◆ **What is required**
Before you return the lines below, strip out any images and keep every word as written.

◆ **Data**

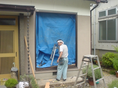 玄関引き戸の取替が終わり、縁側のサッシを取替手いるところ
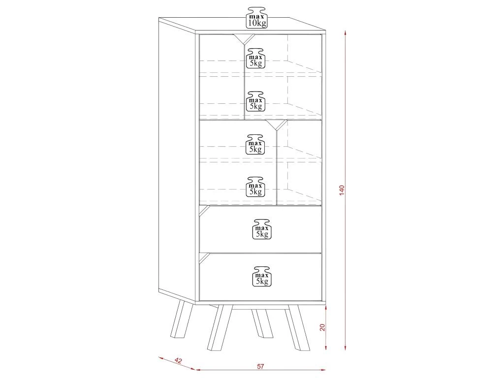- Longueur 57 cm x Largeur 42 cm x Hauteur 140 cm
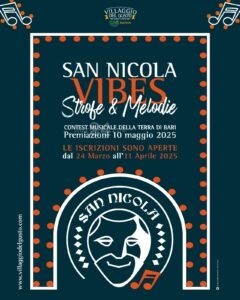 In occasione dell’appuntamento con il ‘Villaggio del Gusto 2025’, l’iniziativa patrocinata dal Comune di Bari, che anche quest’anno animerà largo Giannella dal 6 all’11 maggio in occasione dei festeggiamenti per San Nicola, l’associazione culturale De Gustibus Vitae annuncia la prima edizione dei contest ‘San Nicola Vibes, Rhymes e Clicks’. I tre premi nascono con l’intento di valorizzare il patrimonio culturale di Bari e della Puglia, di dare voce ai talenti locali e di promuovere le espressioni artistiche che meglio rappresentano lo spirito autentico della regione, rafforzando il legame con il territorio e offrendo una vetrina di rilievo per gli artisti sotto il segno dei San Nicola.
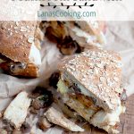 This delicious creation more than meets the “hearty” description. It’s downright decadent. A round boule of whole grain bread slathered with a garlic mayo combination and filled with bacon, sauteed chicken breast, brie, and caramelized onions and mushrooms. Yum. Yum.
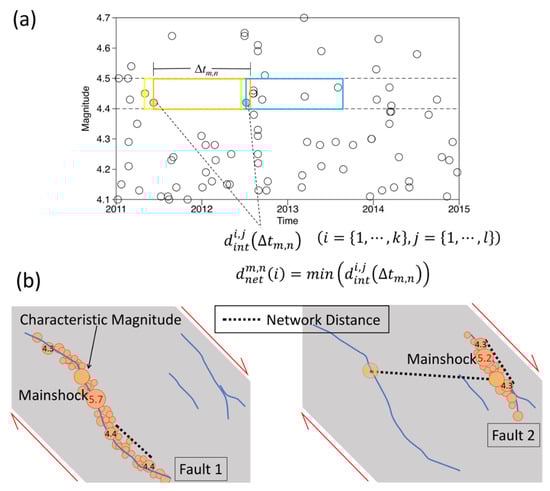 With the targeted earthquakes classified at magnitude intervals of 0.1, we calculated the distances between each event and their subsequent events of “equal” magnitude occurring within a given time window. This time window was defined as , where is the average interevent time for specific magnitude m and n lying between −2.0 and 1.0 at intervals of 0.1. The different values of n correspond to the scales to zoom in or zoom out of the average interevent time. Assuming the number of events of magnitude m is k and the number of those in a time window is l, the interevent distance for the ith event in this time window would be defined as , where and and the difference of the event time would follow , as illustrated in Figure 2a. The shortest interevent distance for ith event was set as network distance , some possible cases of which are given in Figure 2b.

◆ **Output below**
 玄関引き戸の取替が終わり、縁側のサッシを取替手いるところ
- Longueur 57 cm x Largeur 42 cm x Hauteur 140 cm
 In occasione dell’appuntamento con il ‘Villaggio del Gusto 2025’, l’iniziativa patrocinata dal Comune di Bari, che anche quest’anno animerà largo Giannella dal 6 all’11 maggio in occasione dei festeggiamenti per San Nicola, l’associazione culturale De Gustibus Vitae annuncia la prima edizione dei contest ‘San Nicola Vibes, Rhymes e Clicks’. I tre premi nascono con l’intento di valorizzare il patrimonio culturale di Bari e della Puglia, di dare voce ai talenti locali e di promuovere le espressioni artistiche che meglio rappresentano lo spirito autentico della regione, rafforzando il legame con il territorio e offrendo una vetrina di rilievo per gli artisti sotto il segno dei San Nicola.
 This delicious creation more than meets the “hearty” description. It’s downright decadent. A round boule of whole grain bread slathered with a garlic mayo combination and filled with bacon, sauteed chicken breast, brie, and caramelized onions and mushrooms. Yum. Yum.
 With the targeted earthquakes classified at magnitude intervals of 0.1, we calculated the distances between each event and their subsequent events of “equal” magnitude occurring within a given time window. This time window was defined as , where is the average interevent time for specific magnitude m and n lying between −2.0 and 1.0 at intervals of 0.1. The different values of n correspond to the scales to zoom in or zoom out of the average interevent time. Assuming the number of events of magnitude m is k and the number of those in a time window is l, the interevent distance for the ith event in this time window would be defined as , where and and the difference of the event time would follow , as illustrated in Figure 2a. The shortest interevent distance for ith event was set as network distance , some possible cases of which are given in Figure 2b.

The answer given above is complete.